A couple of weeks later, I went shopping and did buy the ring she wanted, but I didn’t tell her. I put it in my sock drawer and debated about how and when I would give it to her. One night, we had friends over to our place for dinner. While she was complaining about how I wouldn’t buy her the damn silly ring she wanted, I slipped away from the table and went to the bedroom. I came back out with the ring, got down on one knee in front of my girlfriend (and our guests) and asked, “So, will you marry me?” We all laughed as she accepted my “surprise” proposal.

My new fiancée was over-the-moon excited, but the feeling wouldn’t last too long. As much as soldiers like to think they are hard-core superheroes, invincibility often disappears when we return home from a tour of duty. For me, planning for a wedding was just too much pressure at a moment when what I needed was time to recover. I often think of something Chief of the Defence Staff General Rick Hillier told us when he visited our base during my second tour to Afghanistan.
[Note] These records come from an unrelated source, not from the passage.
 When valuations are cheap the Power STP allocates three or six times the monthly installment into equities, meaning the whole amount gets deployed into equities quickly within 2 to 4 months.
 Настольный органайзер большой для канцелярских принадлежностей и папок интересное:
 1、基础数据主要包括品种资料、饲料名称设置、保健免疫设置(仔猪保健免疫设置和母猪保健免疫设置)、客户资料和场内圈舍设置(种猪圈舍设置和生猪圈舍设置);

He talked about calling home and talking to his wife, who told him the fridge was broken.

“No problem,” he said to her. “We’ll get a new one once I’m back.”

“Actually, I went ahead and bought one already,” his wife replied.
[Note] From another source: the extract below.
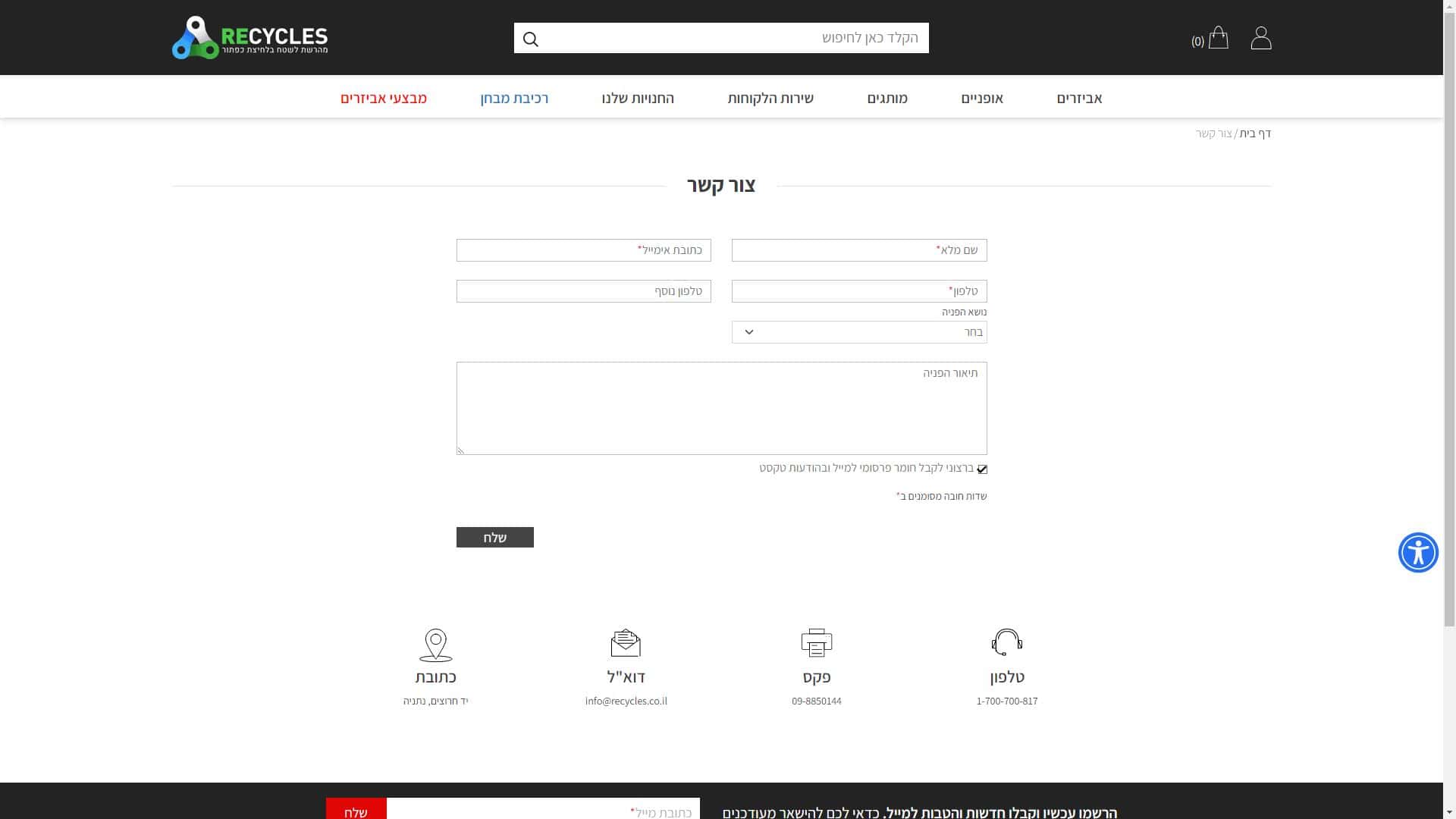 פנייה אל שירות לקוחות ריסייקלס באמצעות דואר אלקטרוני בכתובת: info@recycles.co.il.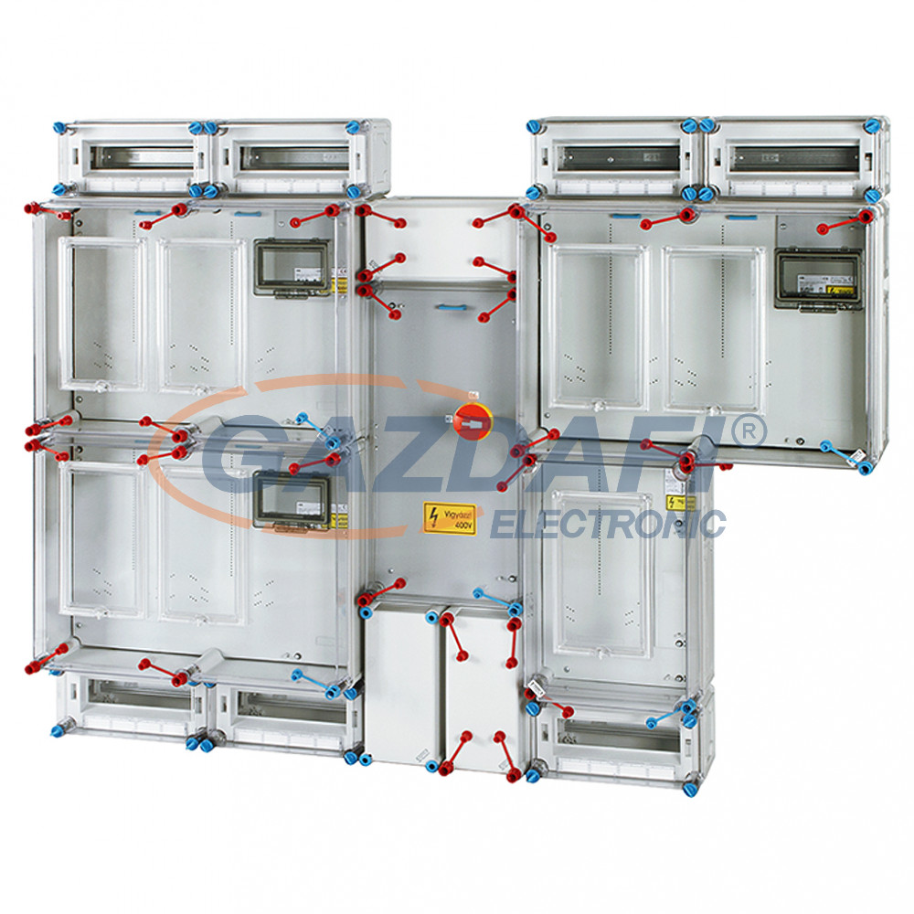 HENSEL HCS432+1+MF Csoportos mérőhely, három fogyasztó rész. mindennapszaki (80A) és vezérelt (32A)/H-tarifa (63A)méréshez,kapcsolóval és NH 00 szakaszolható bizt.aljzattal,túlfesz. levezetőhöz előkész.,közösségi méréssel,fogyasztói főelosztóval

“Okay, great. I can use the old one as a beer fridge.”

“Actually, I got rid of the old one already,” his wife said.

Hillier used the exchange to demonstrate how soldiers want to play a part in what’s going on at home even when they’re far away. “But whoever’s at home gets to make the home decisions,” he said, stressing that there was no point telling family or anyone else back home how to conduct their daily lives if you weren’t there. It was a great lesson he passed along that day—just one I could have used a bit earlier.

Another stressor on the home front was the fact that I was doing training for my infantry junior leadership course, and this was taking up a lot of my time. After I graduated, I was promoted to master corporal and was able to take a leadership position, which for me was an important step. But for my girlfriend it meant less time with me at a moment when she needed more. Things were getting increasingly tense between us, and they boiled over one night when she and I were out for dinner. She started crying and saying, “Who the fuck are you? Where is my Jody?”

Later, when we got home, I said, “I think it’s in our best interest that we postpone the wedding. I just don’t think we’re in the right spot to get married right now.”

She announced then that she was leaving. I was shocked, because I didn’t want to break things off; I just wanted to postpone the wedding. But for her, this was all just too much. Our relationship was over.

While I wasn’t certain this was the right time to get married, I was certain about one thing. I wanted to go back to Afghanistan—and this time as a sniper.